Using collectd ping plugin to monitor VM->VM latency with Google Stackdriver

2018-07-18

Note, this is just a POC, GCP offers network sampled monitoring through VPC Flow logs (sampled, though)

Customers often want to instrument their application and monitor VM->VM and VM->external service latency as seen by simple ping probers between instances or containers. This article covers how to use an off the shelf Ping Plugin for collectd together with Google Cloud’s logging and monitoring facilities to acquire and process latency statistics. Google Stackdriver uses collectd for monitoring and fluentd for logging so this article covers how to:

  1. Send ping statistics to Cloud Monitoring: Use Stackdriver Monitoirng to emit custom metrics representing ping plugin statistics.
  2. Send ping statistics to Cloud Logging Use Stackdriver Monitoring to write the output of a custom ping plugin to a log file and then use Stackdriver Logging to send those to Google

Ofcourse the preferable way to use Stackdriver collectd would be to emit statstics directly to Google Stackderiver as done by the supported set of plugins. At the time of writing, (7/21/18), the the ping collectd plugin is not supported….but thats ok, we can still add on collectd and configure it to emit custom metrics to GCP.

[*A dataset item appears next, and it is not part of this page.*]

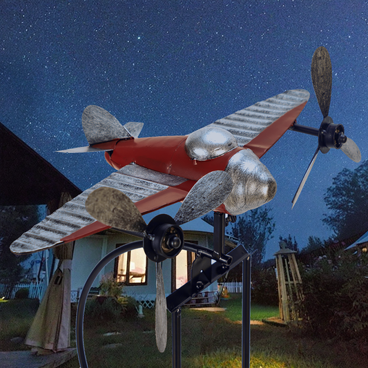 Airplane Wind Spinner w 2 Propellers / Metal Garden Stakes/ Windmill Weather Vane-Rotates in Wind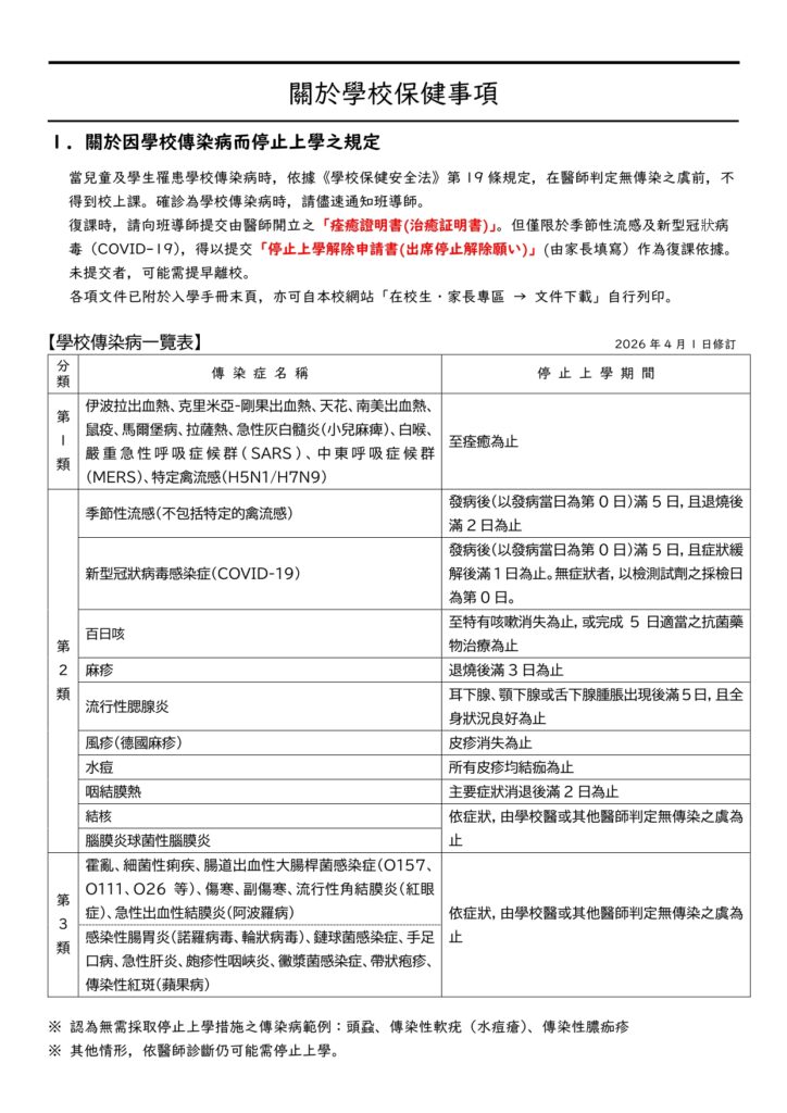 • 4/9(四)保健室通知

Note that certain cloud providers surface aggregated, sampled statistics such as VPC Flow Logs and the usecase for this is to view connectivity and latency “as seen” by the application using a ground truth ping statistics (or if you dont’ want to instrument the whole network with detailed flow logs)


You can find the source here

Using collectd ping plugin to monitor VM->VM latency with Google Stackdriver

Setup

The first step is to create the ping plugin shared object and enable your VM to run the ping plugin.

Build custom ping.so

The following command will build a debian image and compile the ping plugin

If you are using technique , then you can use any standard ping.so and place that into the VM. If you want to try technique (2: Send pingstatistics to Cloud Logging), then you must compile the version of ping.c i’ve attached to this repo.

If you want to use

  1. Send ping statistics to Cloud Monitoring Then simply run the docker commands below to acquire ping.so using collectd defaults

  2. Send pingstatistics to Cloud Logging Then you must compile the version of ping.c i’ve attached to this repo. To do that, edit Dockerfile and uncomment

    ADD ping.c collectd/src/ping.c
    

For both, acquire ping.so:

docker build -t docker_tmp .
docker cp `docker create docker_tmp`:collectd/.libs/ping.so .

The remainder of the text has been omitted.